» **Description of the task**
What follows is a listing to transcribe exactly, leaving the pictures out.

** Dataset extract follows **

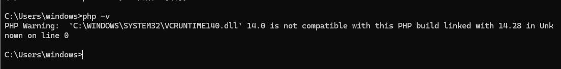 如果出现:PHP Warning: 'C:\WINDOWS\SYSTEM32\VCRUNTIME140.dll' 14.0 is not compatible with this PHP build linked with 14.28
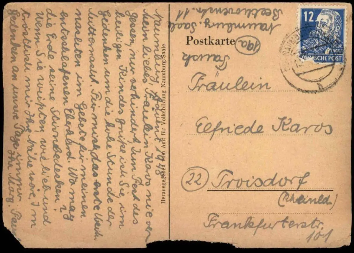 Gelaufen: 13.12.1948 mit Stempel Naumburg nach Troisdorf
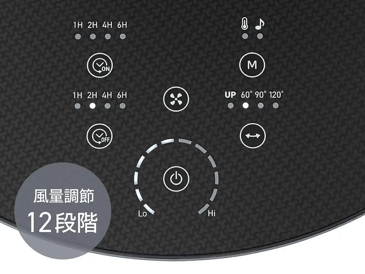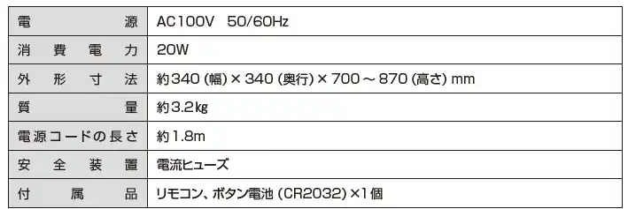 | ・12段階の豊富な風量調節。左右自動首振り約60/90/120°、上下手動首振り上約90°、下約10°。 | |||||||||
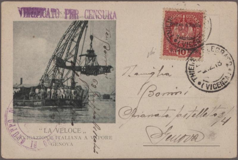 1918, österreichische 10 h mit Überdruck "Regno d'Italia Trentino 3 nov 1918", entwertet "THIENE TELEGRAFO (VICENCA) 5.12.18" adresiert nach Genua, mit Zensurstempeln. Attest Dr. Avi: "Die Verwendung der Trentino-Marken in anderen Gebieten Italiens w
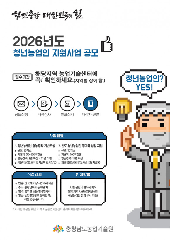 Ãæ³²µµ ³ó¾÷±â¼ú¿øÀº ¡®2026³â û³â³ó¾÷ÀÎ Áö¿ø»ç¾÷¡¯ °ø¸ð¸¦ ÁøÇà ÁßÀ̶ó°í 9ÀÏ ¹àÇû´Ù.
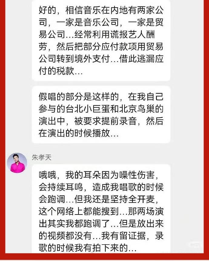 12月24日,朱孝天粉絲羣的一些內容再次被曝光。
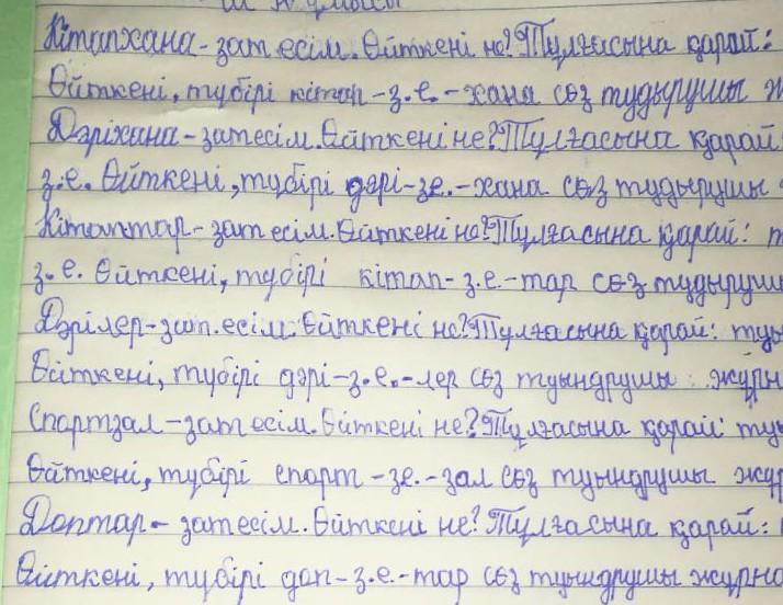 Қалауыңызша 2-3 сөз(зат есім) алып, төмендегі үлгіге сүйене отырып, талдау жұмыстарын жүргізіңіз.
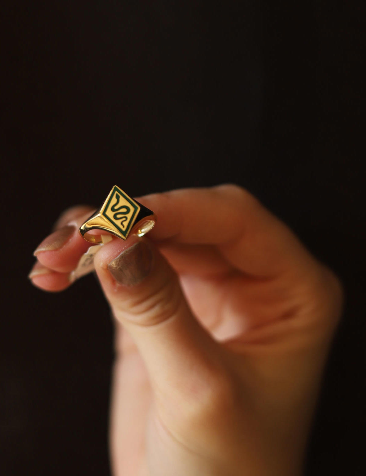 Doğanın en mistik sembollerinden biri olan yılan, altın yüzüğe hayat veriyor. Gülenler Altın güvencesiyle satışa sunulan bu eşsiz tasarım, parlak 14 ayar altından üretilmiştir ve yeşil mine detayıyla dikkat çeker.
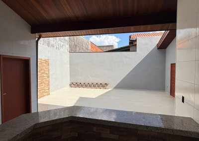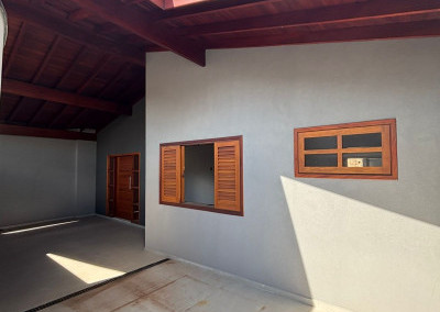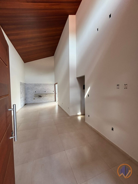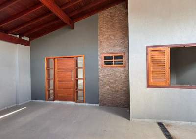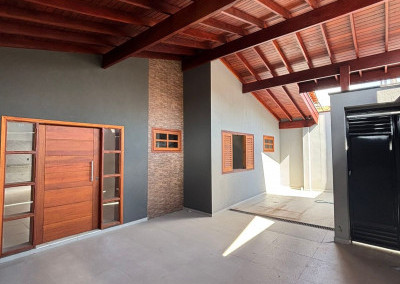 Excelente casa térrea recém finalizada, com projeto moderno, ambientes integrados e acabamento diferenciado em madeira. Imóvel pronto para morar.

** End of Dataset extract **

» **Final answer**
 如果出现:PHP Warning: 'C:\WINDOWS\SYSTEM32\VCRUNTIME140.dll' 14.0 is not compatible with this PHP build linked with 14.28
 Gelaufen: 13.12.1948 mit Stempel Naumburg nach Troisdorf
 | ・12段階の豊富な風量調節。左右自動首振り約60/90/120°、上下手動首振り上約90°、下約10°。 | |||||||||
 1918, österreichische 10 h mit Überdruck "Regno d'Italia Trentino 3 nov 1918", entwertet "THIENE TELEGRAFO (VICENCA) 5.12.18" adresiert nach Genua, mit Zensurstempeln. Attest Dr. Avi: "Die Verwendung der Trentino-Marken in anderen Gebieten Italiens w
 Ãæ³²µµ ³ó¾÷±â¼ú¿øÀº ¡®2026³â û³â³ó¾÷ÀÎ Áö¿ø»ç¾÷¡¯ °ø¸ð¸¦ ÁøÇà ÁßÀ̶ó°í 9ÀÏ ¹àÇû´Ù.
 12月24日,朱孝天粉絲羣的一些內容再次被曝光。
 Қалауыңызша 2-3 сөз(зат есім) алып, төмендегі үлгіге сүйене отырып, талдау жұмыстарын жүргізіңіз.
 Doğanın en mistik sembollerinden biri olan yılan, altın yüzüğe hayat veriyor. Gülenler Altın güvencesiyle satışa sunulan bu eşsiz tasarım, parlak 14 ayar altından üretilmiştir ve yeşil mine detayıyla dikkat çeker.
 Excelente casa térrea recém finalizada, com projeto moderno, ambientes integrados e acabamento diferenciado em madeira. Imóvel pronto para morar.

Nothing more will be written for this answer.